▶ [What you are asked to do]: Among the entries below, please repeat exactly and only the lines from the line containing "UV パーカー 速乾 冷感" to the line containing "レベルの範囲を超えた位置でク", both lines included.

-- Material shown follows --

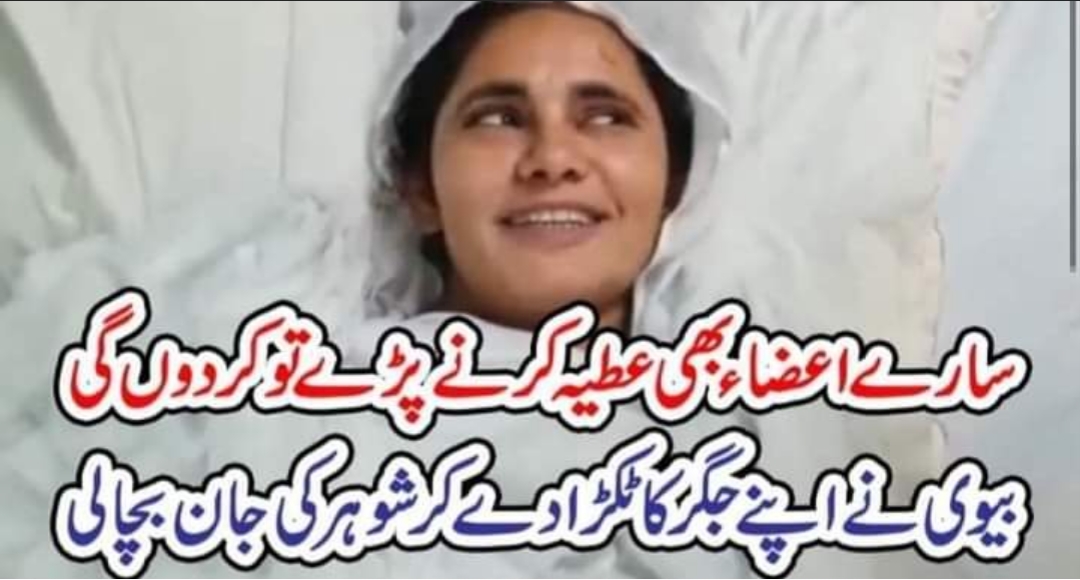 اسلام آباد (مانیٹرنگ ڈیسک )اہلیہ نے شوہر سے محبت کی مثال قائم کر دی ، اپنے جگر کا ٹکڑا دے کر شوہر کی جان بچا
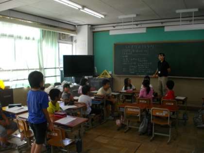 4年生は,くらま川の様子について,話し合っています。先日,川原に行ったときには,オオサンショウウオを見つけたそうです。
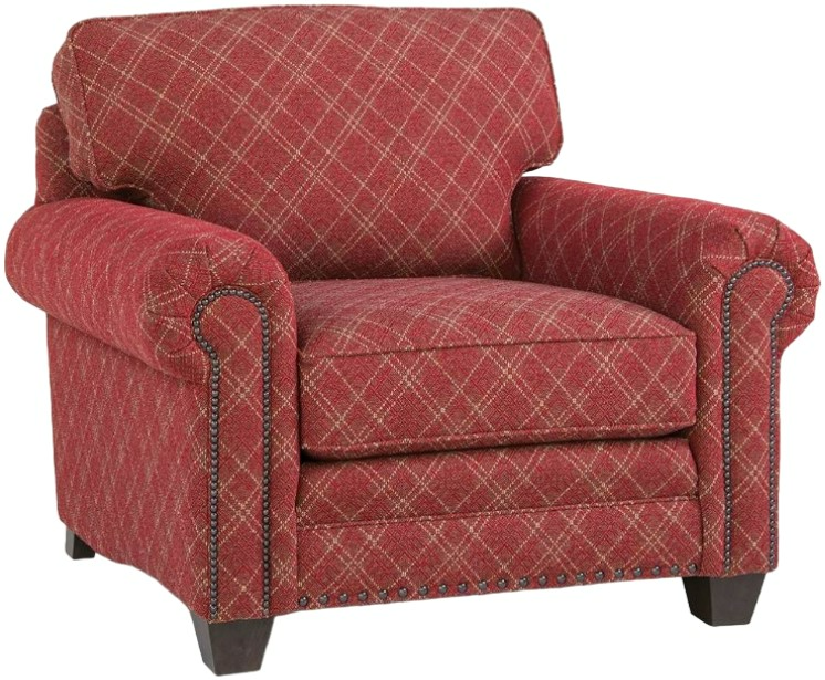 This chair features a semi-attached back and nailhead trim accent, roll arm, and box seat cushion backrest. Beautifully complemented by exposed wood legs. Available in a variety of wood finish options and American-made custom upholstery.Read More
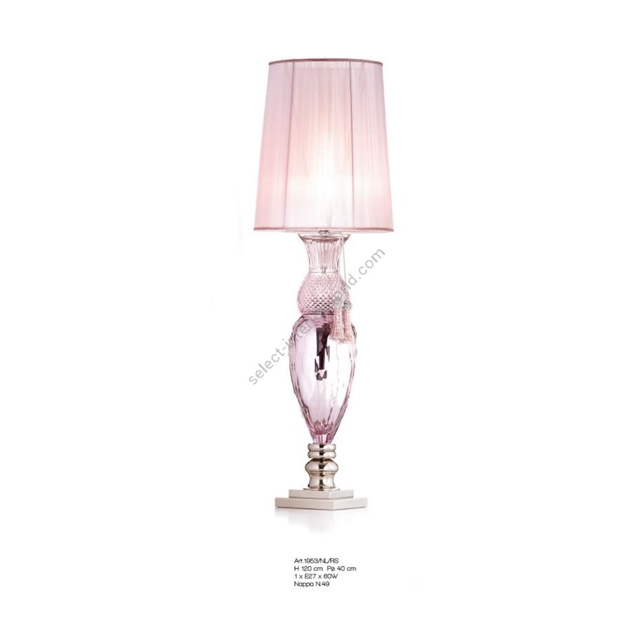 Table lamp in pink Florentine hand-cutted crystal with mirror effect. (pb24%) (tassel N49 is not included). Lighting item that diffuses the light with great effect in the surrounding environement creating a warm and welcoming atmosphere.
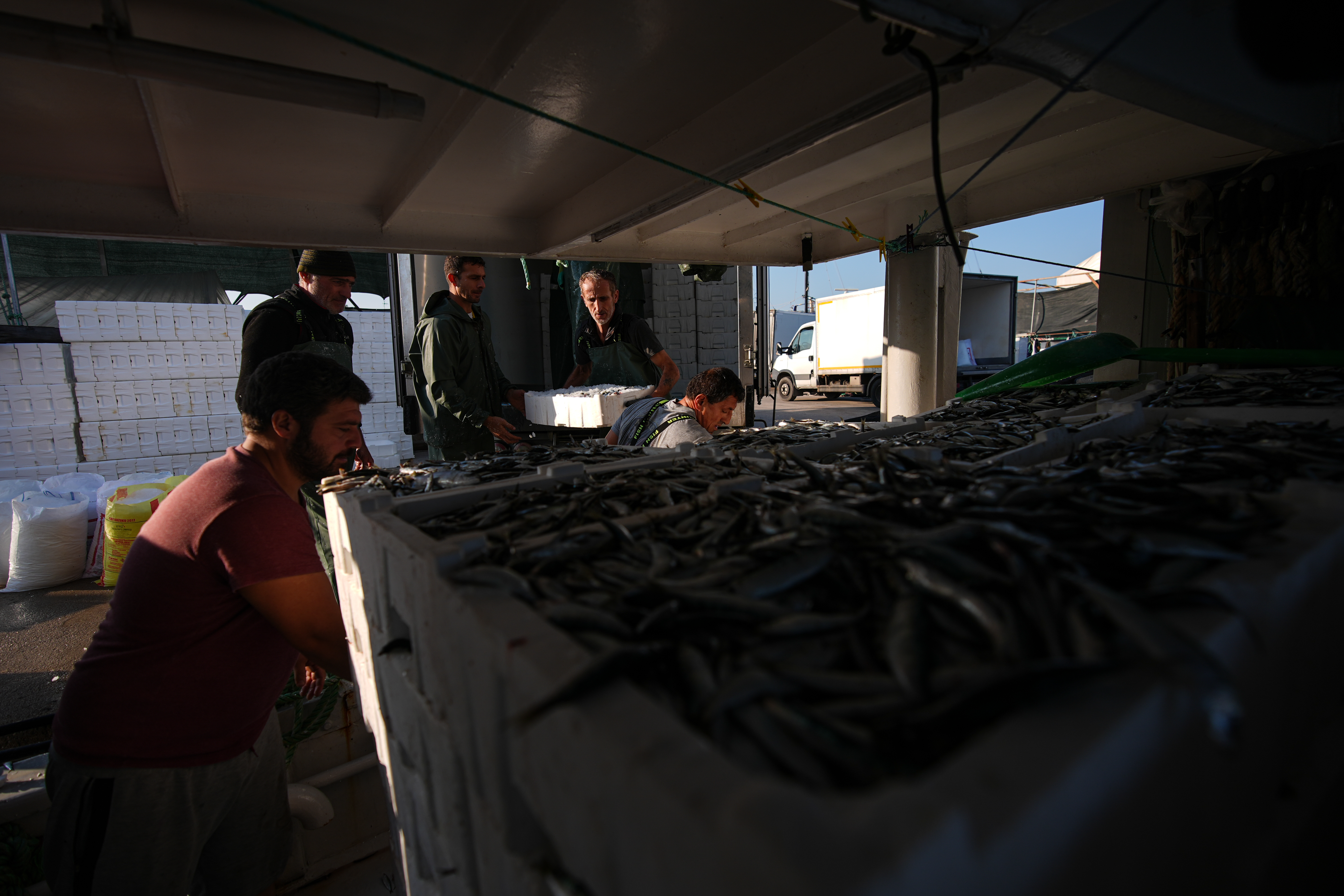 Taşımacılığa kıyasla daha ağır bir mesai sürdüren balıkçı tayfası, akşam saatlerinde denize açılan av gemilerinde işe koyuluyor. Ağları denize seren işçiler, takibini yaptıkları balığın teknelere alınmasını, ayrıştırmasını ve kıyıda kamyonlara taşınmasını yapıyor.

-- Material shown concluded --
-- Material shown follows --

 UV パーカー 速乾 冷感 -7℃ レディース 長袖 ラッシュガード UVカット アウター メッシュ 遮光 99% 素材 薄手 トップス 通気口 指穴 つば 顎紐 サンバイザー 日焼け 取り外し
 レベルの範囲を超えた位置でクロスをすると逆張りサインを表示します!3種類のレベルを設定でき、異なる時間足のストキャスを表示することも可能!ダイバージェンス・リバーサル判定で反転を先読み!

-- Material shown concluded --

▶ [Reply]:
 UV パーカー 速乾 冷感 -7℃ レディース 長袖 ラッシュガード UVカット アウター メッシュ 遮光 99% 素材 薄手 トップス 通気口 指穴 つば 顎紐 サンバイザー 日焼け 取り外し
 レベルの範囲を超えた位置でクロスをすると逆張りサインを表示します!3種類のレベルを設定でき、異なる時間足のストキャスを表示することも可能!ダイバージェンス・リバーサル判定で反転を先読み!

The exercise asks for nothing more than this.